V. METHODOLOGY AND CARE

(i) Disease surveillance

The changes in the patient ‘ s symptoms are closely observed, including vomiting, frequency and extent of diarrhoea, changes in life signs such as body temperature, blood pressure, heart rate, mental state of the patient, urine, etc. For patients with more severe conditions, the number of observations is increased and signs of deterioration are detected in a timely manner, e.g., pre-convulsions (face paleness, wetness of the limbs, pulsation speed, etc.) in order to adjust the treatment programme in a timely manner.

(ii) Care measures

1. Oral care: The vomiting patient is prone to oral aroma and mucous membrane damage, should keep his/her mouth clean, clean his/her mouth in a timely manner, wash his/her mouth with salt water and prevent oral infections.
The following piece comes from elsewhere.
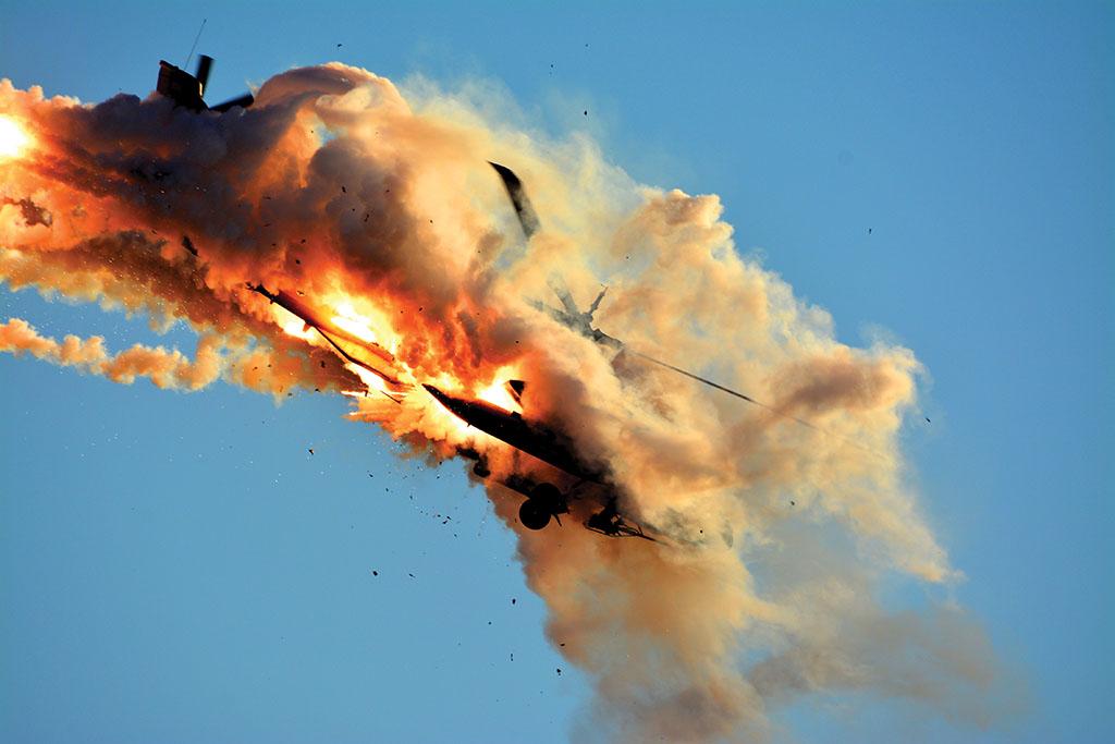 Stunt aircraft flown by Skip Stewart and Melissa Pemberton cross in front of “wall of fire” at EAA Airventure 2014. Photo by Ricardo von Puttkammer, New York, New York.

2. Skin care: Frequent diarrhoea can lead to damage to the skin of the anal week, each time the anal week is washed with warm water, the skin is kept dry, skin protections such as vaslin can be painted to prevent anal ecstasy.

3. Psychological care: Patients may experience anxiety, fear, etc. due to their illness, and medical personnel must be patient in explaining their condition and treatment to the patient, providing psychological support and enhancing the patient ‘ s confidence in overcoming the disease.
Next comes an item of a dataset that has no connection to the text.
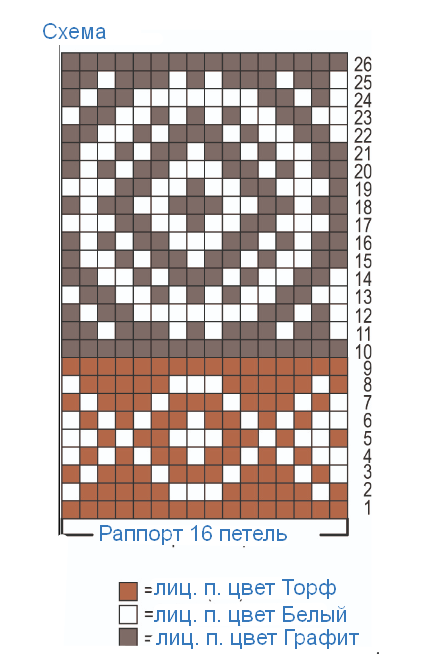 Начните вязать цветной узор со 2-го ряда схемы. Повторить 16 петель раппорта в ширину 5 раз. Провяжите ряды 3–26, затем повторяйте ряды 1–26.

VI. Prevention guidance and health education

(i) Prevention guidance

Guidance for patients and their families on the prevention of salmonella food poisoning. Emphasis was placed on the importance of food safety, such as attention to food procurement, storage and processing. The purchase of foods is subject to the choice of formal channels, and foods that are vulnerable to contamination, such as meat, eggs, etc., are to be cooked and cooked up for consumption, avoiding the consumption of spoiled foods. In food storage, care should be taken to maintain appropriate temperature and humidity to prevent bacteria from breeding. At the same time, kitchen appliances should be kept clean and ready to separate and avoid cross-contamination.

(ii) Health education

(b) To disseminate to the grass-roots population knowledge of the food poisoning of Salmonella, including how the disease is transmitted, symptoms, methods of prevention, etc. Raising the awareness and ability of the population to protect themselves, for example by developing good hygiene practices and washing hands before eating. To reduce the incidence of salmonella food poisoning through health education activities, such as community lectures, distribution of information materials, etc., to increase the awareness of people at the grass-roots level about the prevention of food-borne diseases.

Conclusion

Basic medical institutions have an important responsibility in treating food poisoning caused by salmonella. Through accurate diagnosis, scientifically sound treatment, careful case surveillance and care, as well as effective preventive guidance and health education, the efficacy of treatment can be improved, the incidence of complications reduced and the health of patients ensured. At the same time, grass-roots health-care institutions need to constantly strengthen their capacity-building efforts to improve the level of response to food-borne diseases and to establish strong lines of defence for the health and safety of people at the grass-roots level.